#### [GIVEN INFORMATION]
________________________________________

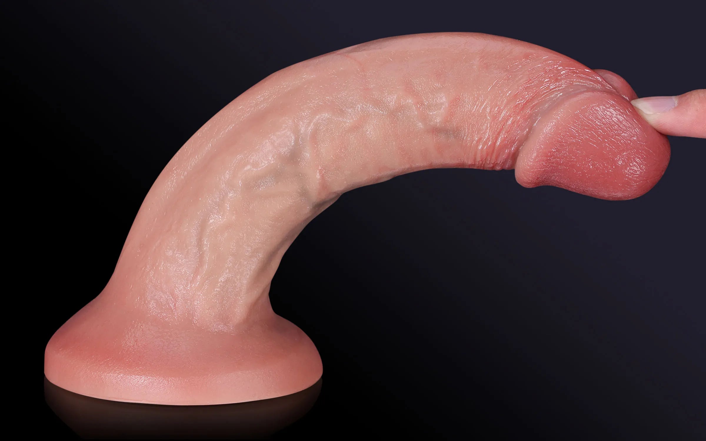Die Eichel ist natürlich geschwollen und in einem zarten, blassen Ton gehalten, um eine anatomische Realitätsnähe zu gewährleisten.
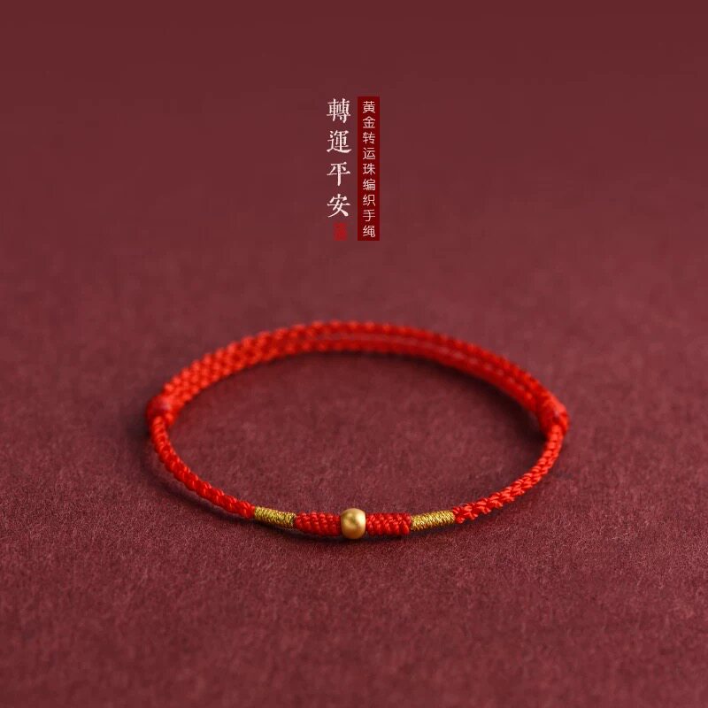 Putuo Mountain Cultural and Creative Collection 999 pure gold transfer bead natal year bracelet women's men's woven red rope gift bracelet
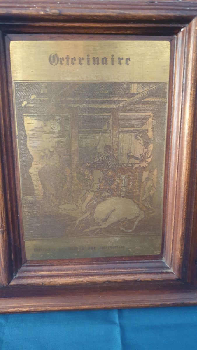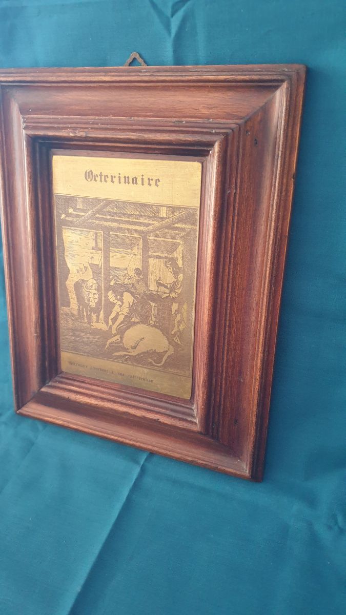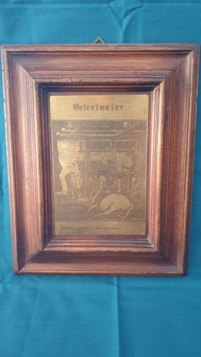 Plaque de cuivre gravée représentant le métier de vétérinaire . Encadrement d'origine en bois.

________________________________________

#### [PROBLEM]
Each line above has to be returned exactly. Drop the pictures.

#### [RESULT OF THE TASK]
Die Eichel ist natürlich geschwollen und in einem zarten, blassen Ton gehalten, um eine anatomische Realitätsnähe zu gewährleisten.
 Putuo Mountain Cultural and Creative Collection 999 pure gold transfer bead natal year bracelet women's men's woven red rope gift bracelet
 Plaque de cuivre gravée représentant le métier de vétérinaire . Encadrement d'origine en bois.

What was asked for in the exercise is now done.